== EXERCISE PROMPT ==
Omitting all images, set down every line below exactly as it appears.

== DATA SUPPLIED ==
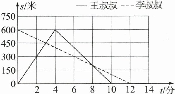 4. 甲、乙两地相距600米,王叔叔骑自行车从甲地去乙地,到达后立即返回;与此同时,李叔叔从乙地出发步行去甲地。他们两人距甲地的距离s(米)和时间t(分)之间的关系如图所示。
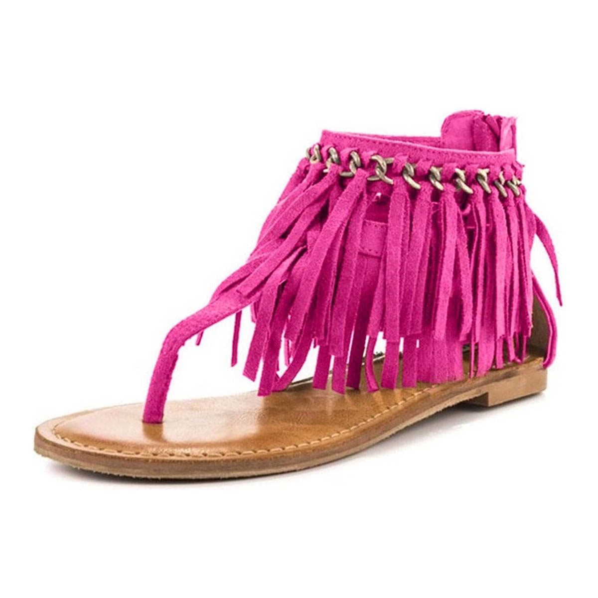 Fuchsia Round Toe Boho Flip Flop Chain Tassel Flat Sandals for Women
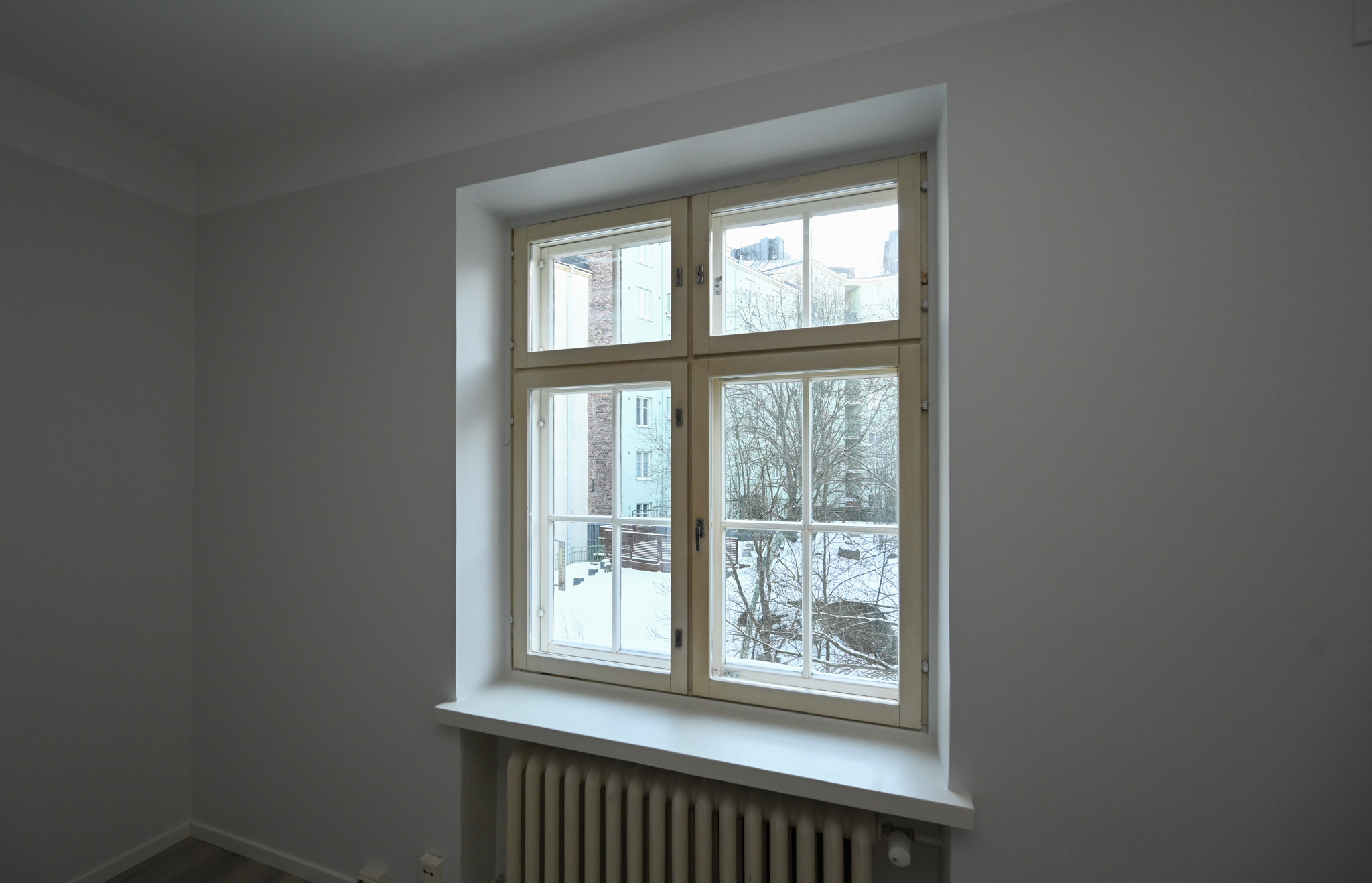 Asunnon sijainti yhdistää erinomaisesti rauhallisuuden ja hyvät kulkuyhteydet – palvelut ja liikenneyhteydet ovat lähellä, mutta sisäpihan ansiosta liikenteen äänet eivät kantaudu asuntoon.
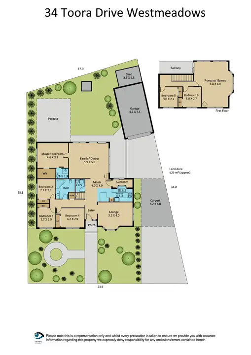6 Bed • 2 Bath • 2 Car • 629m²
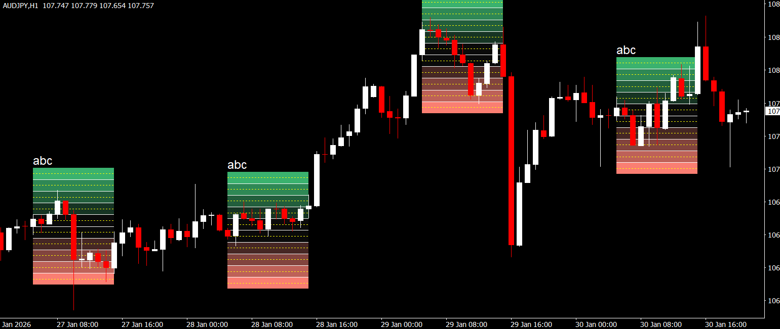 Each box shows the price range within a specific session. When price breaks above or below a session box, it can indicate a potential breakout and the start of a new market move.
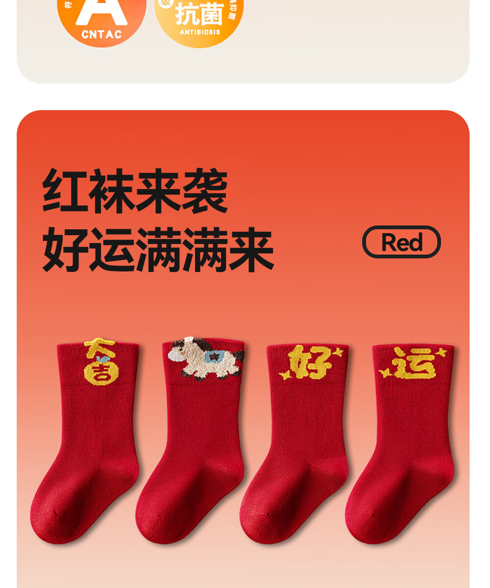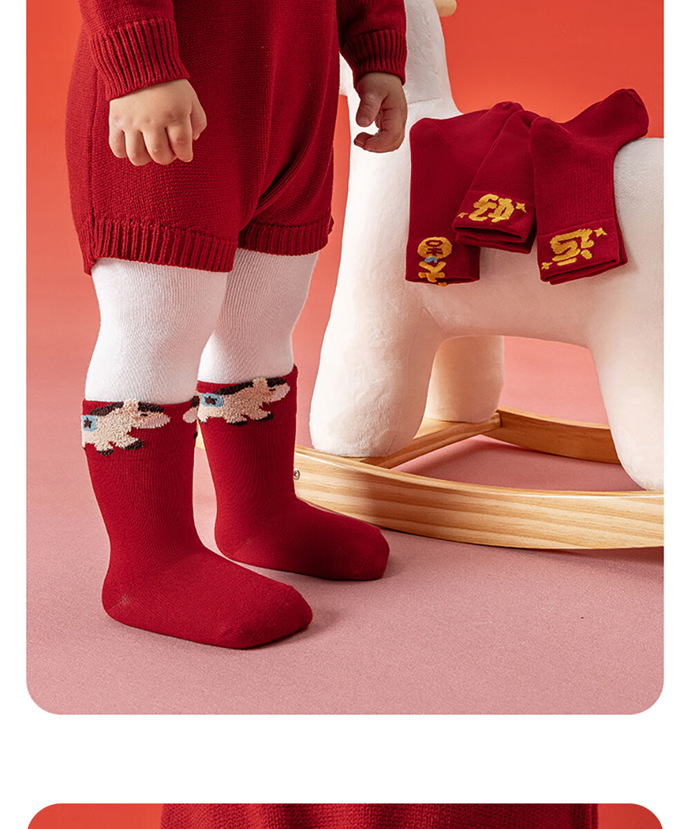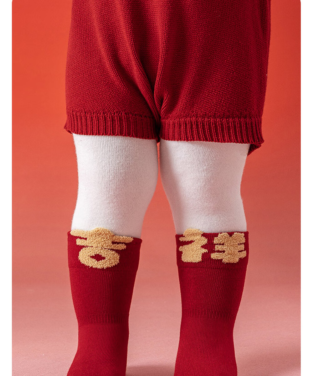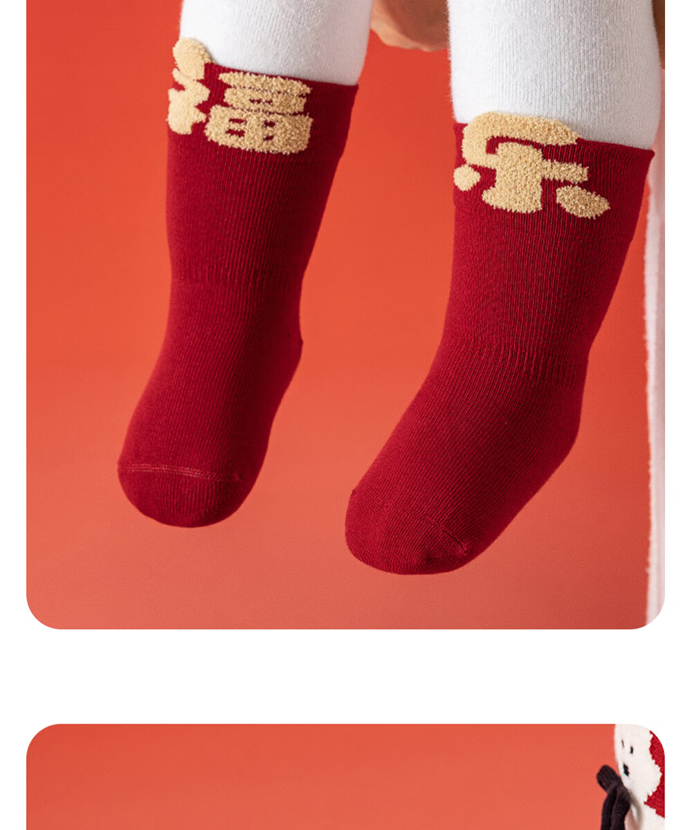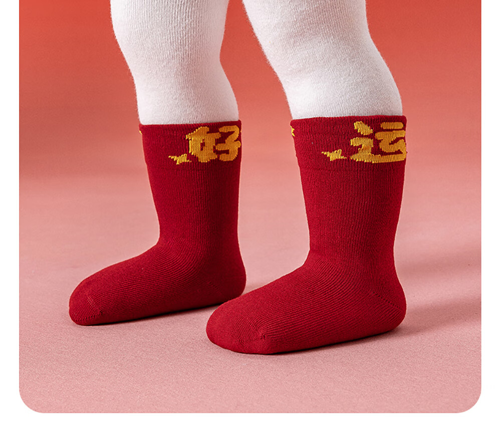 贝肽斯婴儿袜冬季新年新生儿宝宝中筒袜周岁满月百天加厚红色袜子 吉祥福乐-4双装 1-3岁 建议脚长12-14cm
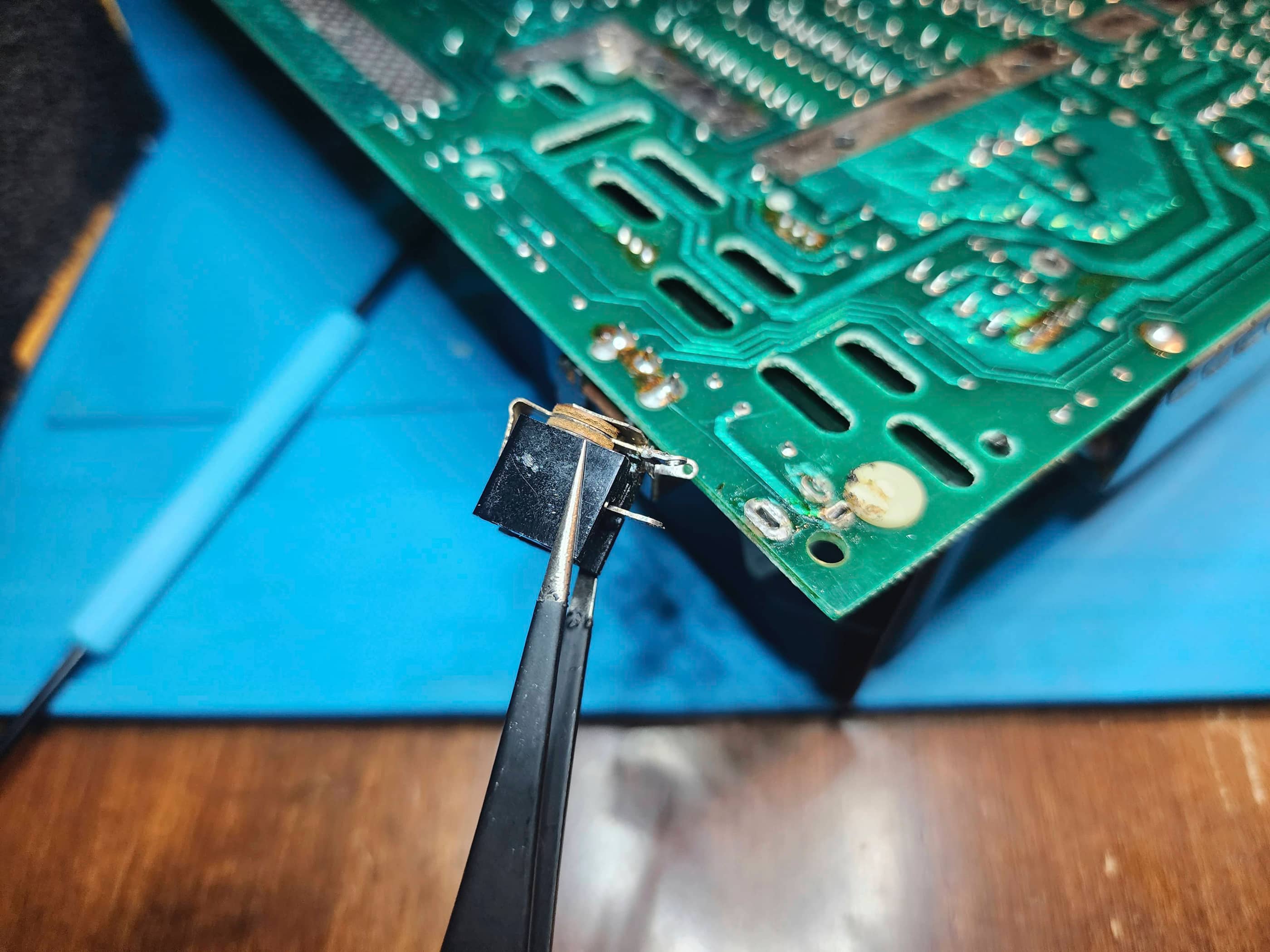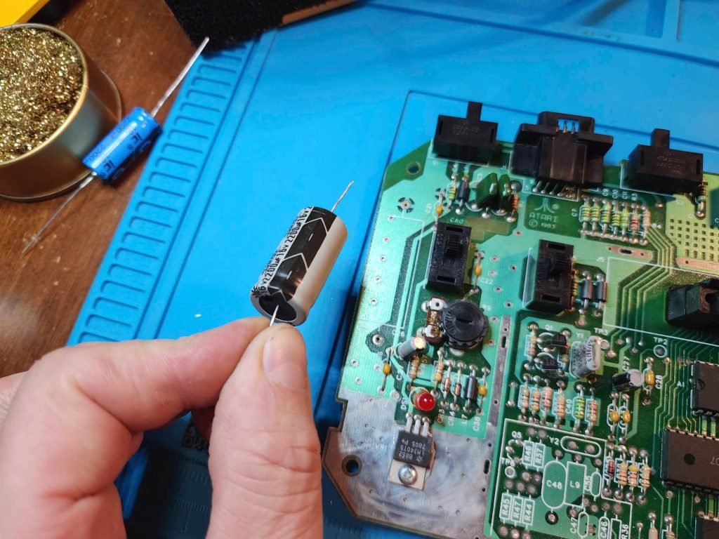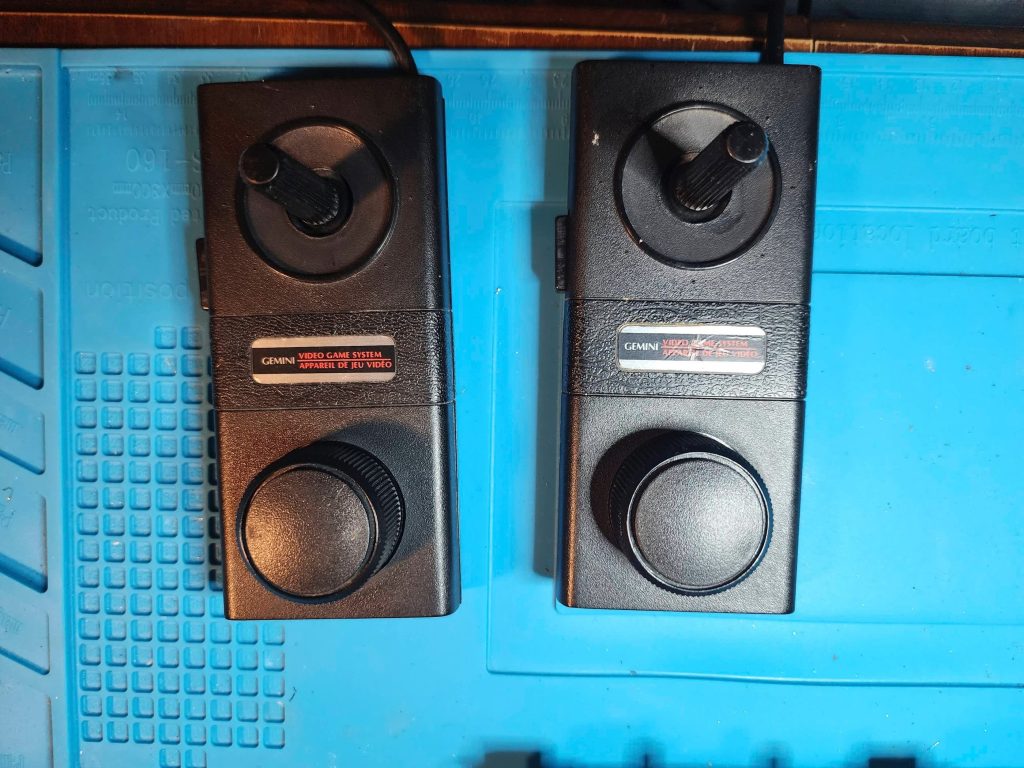 One issue fixed. For the joystick port, I continued to do continuity checks with a focus on the pins 4 & 8 that control movement to the right. Nothing came back indicating there was a problem, but I still decided to reflow and add new solder where the port pins join the board. I was surprised when the existing solder disappeared into the hole as soon as my iron touched it. I proceeded to reflow and add new solder to all the pins on both ports. I then tested it with a couple games. Both joysticks now had full movement. The second issue was now fixed. I then disassembled and cleaned the joysticks, noting that at some point, they had come in contact with water. I also discovered the exoskeleton of a bug in one. 😯 After cleaning I reassembled the joysticks and then tested them. The joysticks and paddles worked great. I decided that since the unit was still open that I’d recap it (using a 50v 4.7μF capacitor to replace the original 35v 4.7μF one) and also replace the 7805 regulator. Once done I tested it with several games and then reassembled it. The Gemini is now a fully functioning system. 🙂
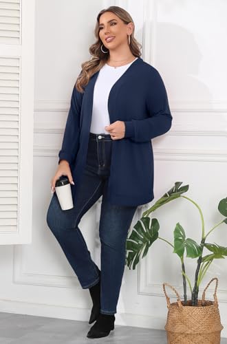 POSESHE Womens Plus Size Cardigan Sweater 2025 Fall Long Sleeve Lightweight Knit Open Front Casual Loose Cardigan 2
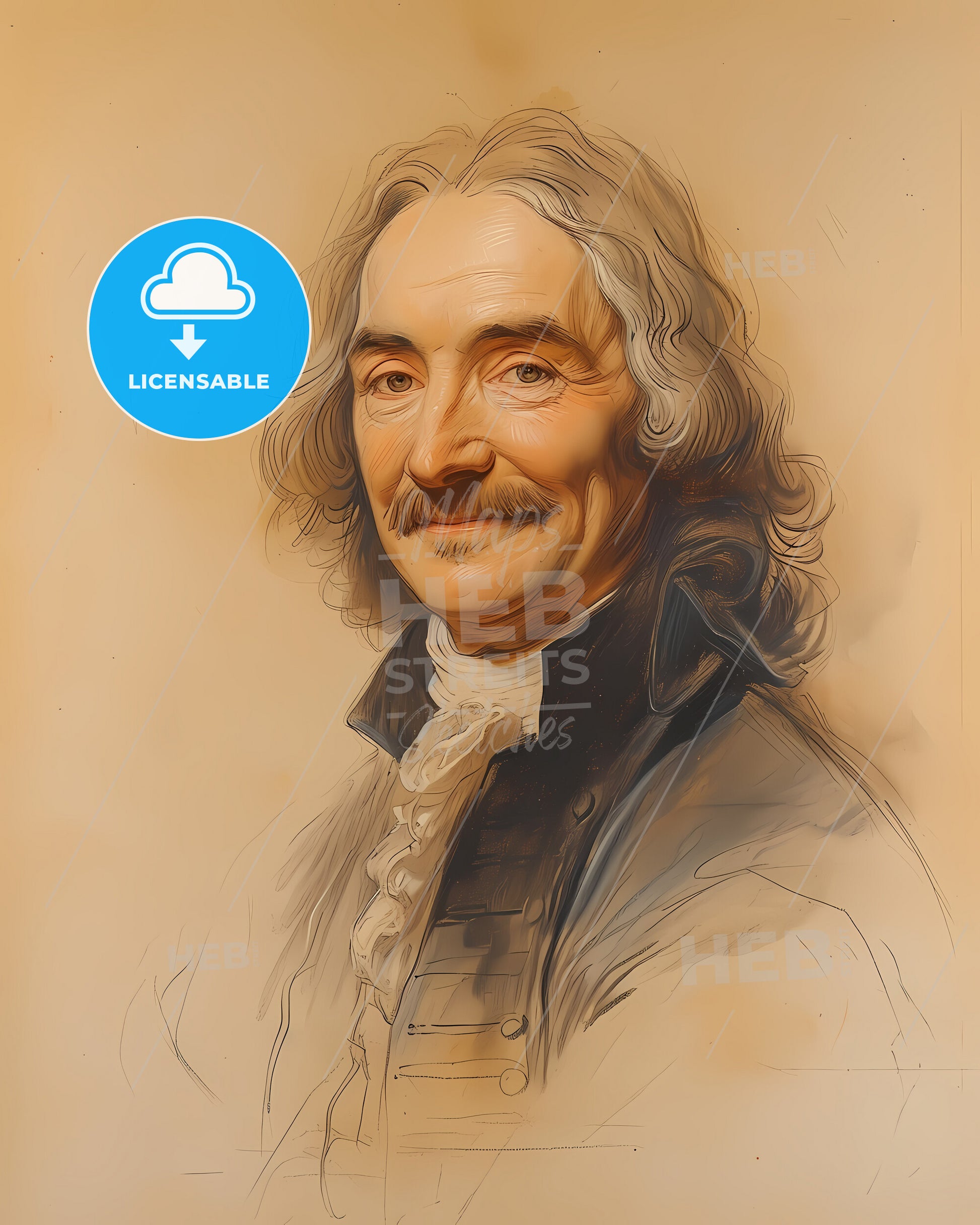 Portrait of William Penn, 1644 - 1718, Founder of Pennsylvania - smiling. Vintage art illustration on bright beige paper background, sweeping overdrawn lines, subtile colored artwork, that captures the playful spirit and vivid imagination of modern art.
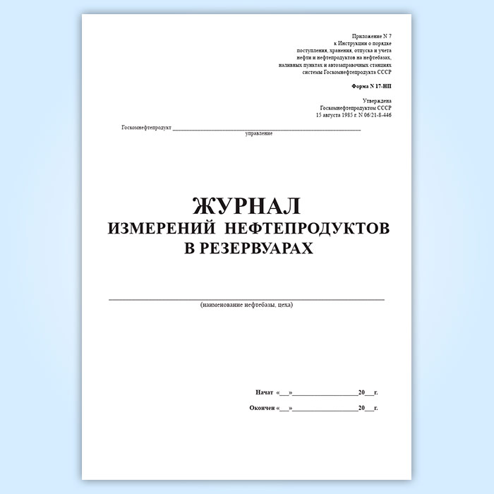 Журнал измерений нефтепродуктов в резервуарах (форма 17-НП) в Магнитогорске купить
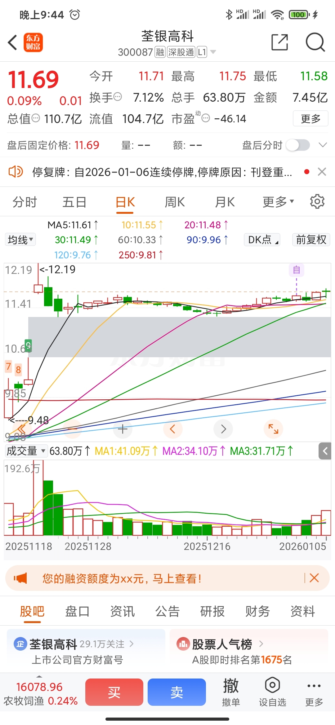 $荃银高科(SZ300087)$ 终于出公告了,难为主力了
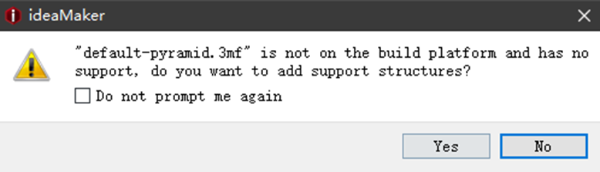 Confirm adding supports for floated models with this function enabled, ideaMaker will pop-up a dialogue box to confirm whether to add support before slicing.
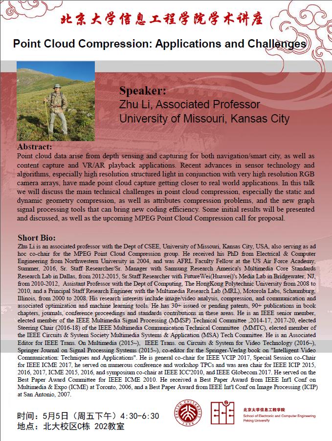 【学术讲座】李竹(associated professor 美国密苏里大学):Point Cloud Compression: Applications and Challenges
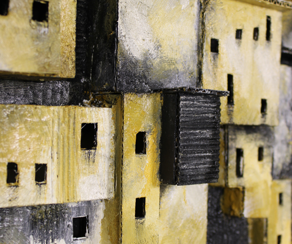 Construction en carton, avec des peintures à l’huile, sur un fond noir de format 1200 x 800 mm.

== SOLUTION TO THIS PROBLEM ==
 4. 甲、乙两地相距600米,王叔叔骑自行车从甲地去乙地,到达后立即返回;与此同时,李叔叔从乙地出发步行去甲地。他们两人距甲地的距离s(米)和时间t(分)之间的关系如图所示。
 Fuchsia Round Toe Boho Flip Flop Chain Tassel Flat Sandals for Women
 Asunnon sijainti yhdistää erinomaisesti rauhallisuuden ja hyvät kulkuyhteydet – palvelut ja liikenneyhteydet ovat lähellä, mutta sisäpihan ansiosta liikenteen äänet eivät kantaudu asuntoon.
6 Bed • 2 Bath • 2 Car • 629m²
 Each box shows the price range within a specific session. When price breaks above or below a session box, it can indicate a potential breakout and the start of a new market move.
 贝肽斯婴儿袜冬季新年新生儿宝宝中筒袜周岁满月百天加厚红色袜子 吉祥福乐-4双装 1-3岁 建议脚长12-14cm
 One issue fixed. For the joystick port, I continued to do continuity checks with a focus on the pins 4 & 8 that control movement to the right. Nothing came back indicating there was a problem, but I still decided to reflow and add new solder where the port pins join the board. I was surprised when the existing solder disappeared into the hole as soon as my iron touched it. I proceeded to reflow and add new solder to all the pins on both ports. I then tested it with a couple games. Both joysticks now had full movement. The second issue was now fixed. I then disassembled and cleaned the joysticks, noting that at some point, they had come in contact with water. I also discovered the exoskeleton of a bug in one. 😯 After cleaning I reassembled the joysticks and then tested them. The joysticks and paddles worked great. I decided that since the unit was still open that I’d recap it (using a 50v 4.7μF capacitor to replace the original 35v 4.7μF one) and also replace the 7805 regulator. Once done I tested it with several games and then reassembled it. The Gemini is now a fully functioning system. 🙂
 POSESHE Womens Plus Size Cardigan Sweater 2025 Fall Long Sleeve Lightweight Knit Open Front Casual Loose Cardigan 2
 Portrait of William Penn, 1644 - 1718, Founder of Pennsylvania - smiling. Vintage art illustration on bright beige paper background, sweeping overdrawn lines, subtile colored artwork, that captures the playful spirit and vivid imagination of modern art.
 Журнал измерений нефтепродуктов в резервуарах (форма 17-НП) в Магнитогорске купить
 $荃银高科(SZ300087)$ 终于出公告了,难为主力了
 Confirm adding supports for floated models with this function enabled, ideaMaker will pop-up a dialogue box to confirm whether to add support before slicing.
 【学术讲座】李竹(associated professor 美国密苏里大学):Point Cloud Compression: Applications and Challenges
 Construction en carton, avec des peintures à l’huile, sur un fond noir de format 1200 x 800 mm.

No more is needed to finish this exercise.